April 11, 2012
What news are you getting? What’s the trend? Are the blowhards smirking yet, about tempting the fates, and mocking us for attempting this cruise?
I’m not going to try and defend my position, partly because no matter what happens, I will not be convinced that the universe (or ghoddess forbid, some insulted deity) is going to sink this cruise just to prove a point.
But perhaps we’ve had more than our share of mishaps in just a few days of cruising.

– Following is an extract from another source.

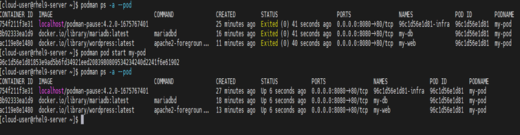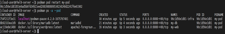 11. Use the "podman pod restart" command to restart the pod and its containers: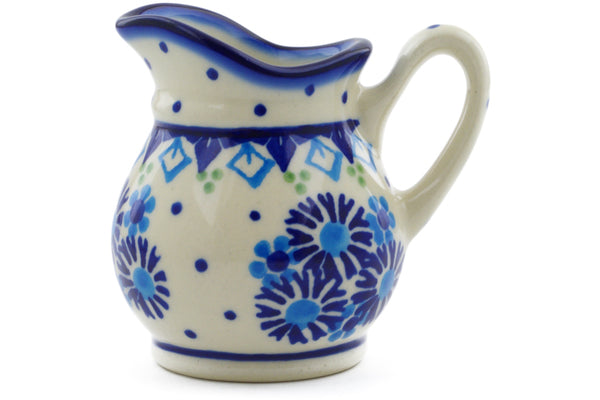 This Polish Pottery Creamer is handmade and handpainted by the Ceramika Bona factory in Boleslawiec, Poland. Manufacturer item number H3999J. It is 3" high and measures 3½" by 2¾". The capacity of this Creamer is 4.19 oz (brimful) and it weighs 0.3 lbs. It is part of the Aster Patches Collection.

We had a late start at the beginning, which put us behind schedule for Cobh. Since leaving Cobh, the ocean has been restless, full of roiling waves that leave our ship quaking and rocking as it moves forward. This has brought down many of the passengers, who have made for their beds in agony, sadly depleting our numbers at activities.
Even with my inexperience in sailing, though, I’m pretty sure the ocean can do much worse. This is the North Atlantic, and it is April. I expected rough seas, so I’m not disturbed at our condition. But then, I still feel fine, and so does Rick. Luck of the draw, that.
It took me a day or so to get used to the movement. Every time the ship rattled or jerked, I’d think, “We’re having an earthquake. That was about 4.1.” I’m from California, you see. We always apply a Richter number when the building shakes and dishes rattle. We’re often pretty accurate, too. But in this case, I have to remind myself that I’m on a ship, and the shaking is because water is hitting us.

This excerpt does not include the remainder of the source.